Why TSB's risk management strategy failed

A number of commentators have pointed out that TSB chief executive Paul Pester’s love of surfing and triathlons should have made him well-placed to cope with adversity and sudden shocks – such as the sudden and total IT failure which has seriously dented his company’s reputation. You could also be forgiven for thinking that a passion for extreme sports would also make the CEO that bit more accustomed to dealing with risk.

The troubled migration of 1.5 billion TSB customer records from one computer platform to another last month is the latest in a long line of large-scale IT failures which have beset big banks in the past decade. What should have been a well-planned, well-executed change programme for a trusted high street bank, has instead become a textbook example of what happens when a programme fails to identify and manage its key risks effectively.

What went wrong?

To the average customer, TSB’s IT glitch may have seemed like an unexpected bolt from the blue. Up to 1.9 million customers were left unable to access their accounts on Monday 23rd April, after a scheduled computer systems migration the preceding weekend. But the actual crisis itself was years in the making.

TSB was bought from Lloyds Banking Group by the Spanish company Bank Sabadell in 2015. The scheduled system migration was intended to see TSB’s customer data transferred from its old, Lloyds Banking Group legacy system, and migrated to Sabadell’s in-house Proteo system.

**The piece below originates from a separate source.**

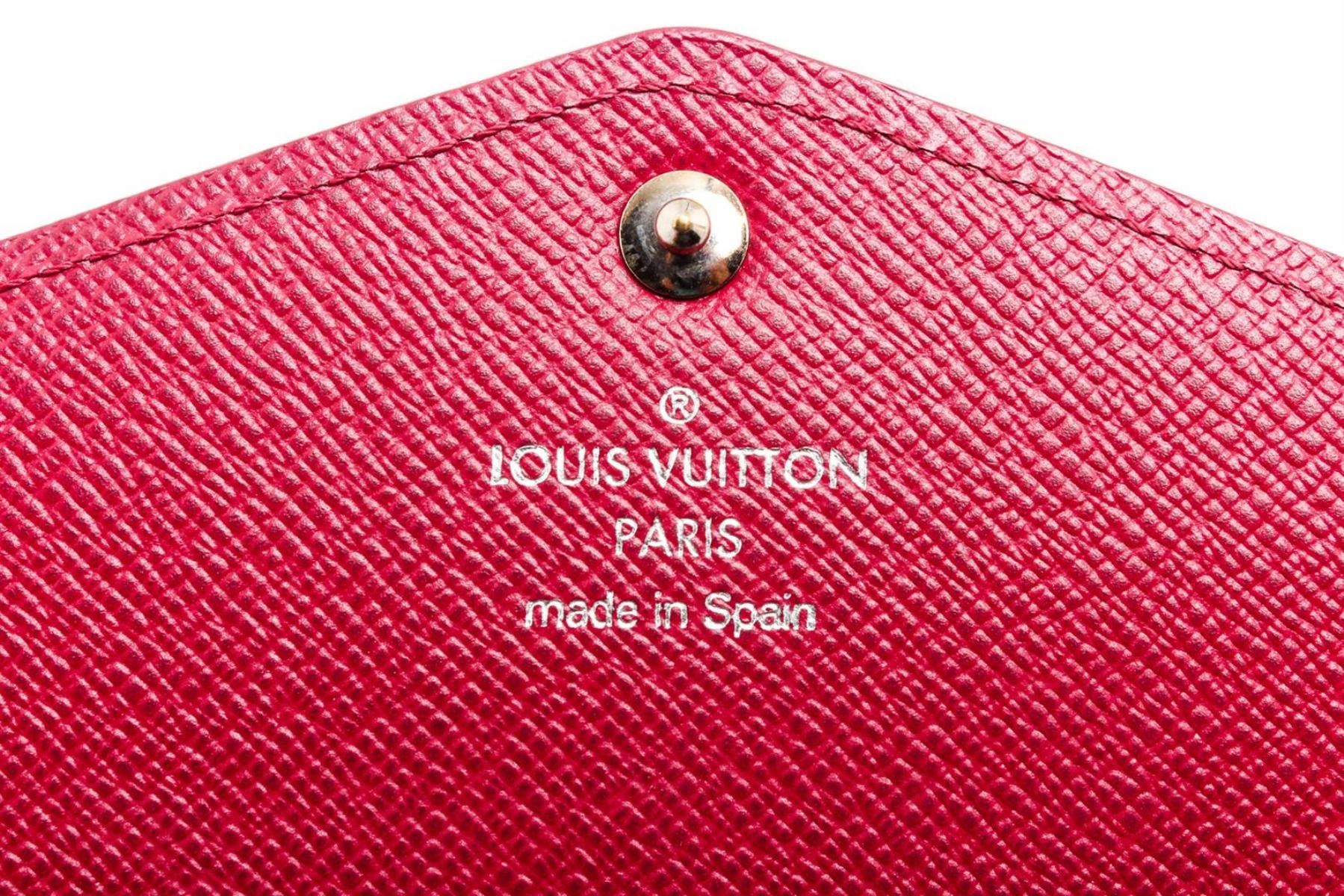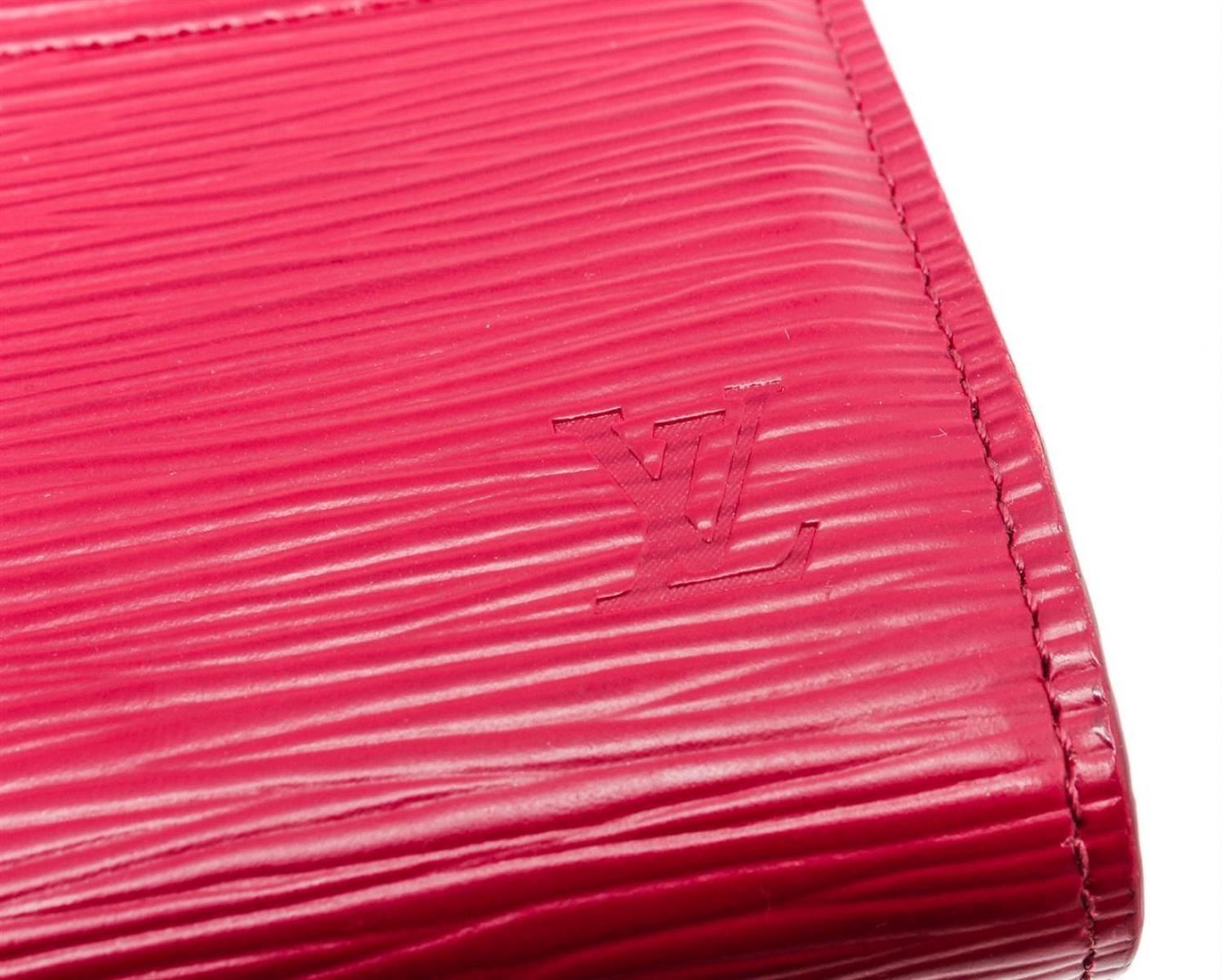 Fuschia Epi leather Louis Vuitton Sarah wallet with silver-tone hardware, embossed logo at front, single exterior slit pocket at back, four card slots under front flap, three interior compartments; one with zip closure, dual slit pockets at interior walls, twelve card slots and snap closure at front flap.

Whilst TSB customers had been prepared for the fact that their mobile and internet banking service would be down over the preceding weekend, the IT glitches which greeted them the following week were soon causing alarm. Some of the most notable examples included:

Customers unable to access their accounts through the mobile and Internet banking services, frequently being greeted with error messages.
Some users were inadvertently able to see other customers’ TSB accounts, including sensitive information such as sort codes and account numbers.
Businesses left unable to pay staff, or unable to determine if bank transfers/payments had been processed properly

TSB were also guilty of some serious PR gaffes in the aftermath of the initial meltdown, having published a press release (which was subsequently withdrawn) praising the successful completion of the migration. They also came under criticism for telling customer that any IT glitches were “intermittent”.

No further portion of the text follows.